Le Dr Jesse Roth, un éminent endocrinologue dont les recherches ont fondamentalement changé la compréhension du diabète, est décédé le 11 mars à son domicile de New York. Il avait 91 ans. Ses travaux ont démontré que le diabète ne provient pas seulement d’un manque d’insuline, mais aussi de l’incapacité des cellules à réagir correctement à ce diabète – une percée ancrée dans la découverte de récepteurs d’insuline défectueux.

Une carrière dédiée à la compréhension hormonale

Pendant plus de 50 ans, le Dr Roth a consacré sa carrière à comprendre les complexités des hormones et leurs interactions avec les cellules. Il a passé près de trois décennies aux National Institutes of Health (NIH) à Bethesda, dans le Maryland, où il n’a pas seulement mené des recherches ; il a façonné la prochaine génération de scientifiques.

Son mandat au NIH a débuté en 1963, à une époque où les mécanismes biologiques à l’origine de la résistance à l’insuline étaient encore largement inconnus. L’équipe du Dr Roth a été parmi les premières à prouver que les cellules possèdent des récepteurs protéiques spécialisés qui se lient à l’insuline et que des défauts dans ces récepteurs peuvent conduire au diabète. Ce n’était pas simplement une question académique ; cela expliquait pourquoi certaines personnes ayant des niveaux d’insuline normaux développaient quand même la maladie.

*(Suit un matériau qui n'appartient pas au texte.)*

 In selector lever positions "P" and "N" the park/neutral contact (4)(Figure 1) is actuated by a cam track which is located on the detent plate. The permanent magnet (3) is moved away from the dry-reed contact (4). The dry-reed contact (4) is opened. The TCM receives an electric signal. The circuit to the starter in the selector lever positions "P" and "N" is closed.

Du NIH à Johns Hopkins et au-delà

En 1991, le Dr Roth a rejoint l’Université Johns Hopkins pour poursuivre ses recherches sur la régulation hormonale. Il a ensuite rejoint les instituts Feinstein pour la recherche médicale à Manhasset, New York, en 2000. Même jusqu’à 80 ans, il est resté un chercheur actif, élargissant ses travaux pour inclure l’obésité et d’autres maladies liées aux hormones.

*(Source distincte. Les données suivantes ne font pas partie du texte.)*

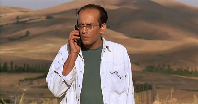 The story is elliptical, and the filmmaking reminds us of this, specifically by hiding a couple of main characters from the camera. There are only about ten speaking roles, and three of them are men who are never seen, always perversely hidden around a corner or down in a hole. Behzad (as IMDB calls him – can’t remember if anyone used his name in the film) arrives at a town in the hills with two companions (never seen), is met by his young guide Farzad. He’s here for a secret reason, asking lots of questions about an old woman confined to her home (also never seen). Everyone in town calls him Engineer, but we get no proof that he is or is not an engineer. He camps out, waiting for the old woman to die, gets a phone call every few days to check on his progress, during which he has to run to his car and drive to the top of the mountain for better cell reception.
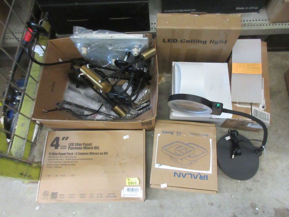 LED ceiling lights, magnifying lamp, slim panel LED lights, chandelier, and wall sconces.

“Il était stimulé par la science et son enthousiasme était contagieux”, a déclaré le Dr Betty Diamond, directrice de l’Institut de médecine moléculaire des Instituts Feinstein. “Il a changé toute notre conception de la façon dont les cellules réagissent aux hormones.”

L’héritage de l’innovation

Le travail du Dr Roth ne consistait pas seulement à identifier le problème ; il a ouvert la voie à des thérapies ciblées conçues pour améliorer la sensibilité à l’insuline. Comprendre comment les cellules interagissent avec les hormones est désormais fondamental pour traiter non seulement le diabète, mais également toute une série de troubles métaboliques.

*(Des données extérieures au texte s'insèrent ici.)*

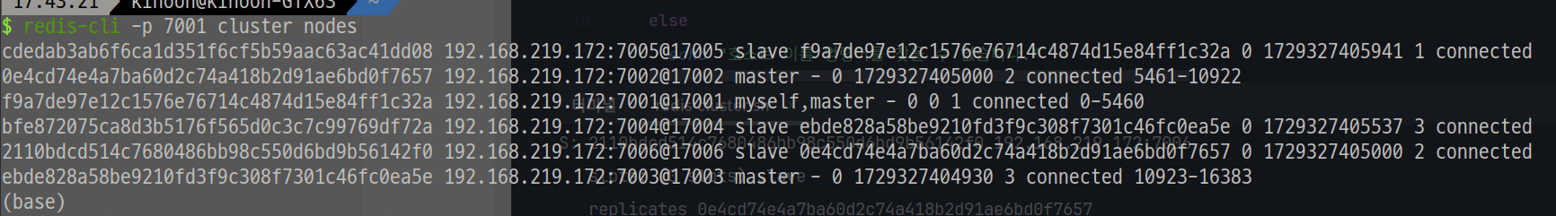 다음 명령어로 cluster가 잘 mapping 되었는지 확인할 수 있는데 mapping이 되지 않았다면 fail?, fail, 혹은 node가 1개뿐인 상황이 발생할 수 있으니 제대로 확인을 해야 한다.
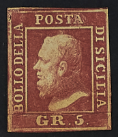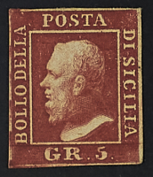 1859 - 5 gr. I tavola carminio - Unito altro esemplare (senza gomma) nella gradazione carminio scuro

Sa contribution ne visait pas seulement à clarifier la science du diabète ; il a redéfini notre approche des maladies hormonales, touchant des millions de personnes dans le monde.

Le décès du Dr Roth marque la fin d’une époque en endocrinologie, mais son héritage continue de stimuler la recherche et d’inspirer les nouvelles générations de scientifiques. Son travail reste essentiel pour améliorer la vie des personnes touchées par le diabète et d’autres maladies liées aux hormones.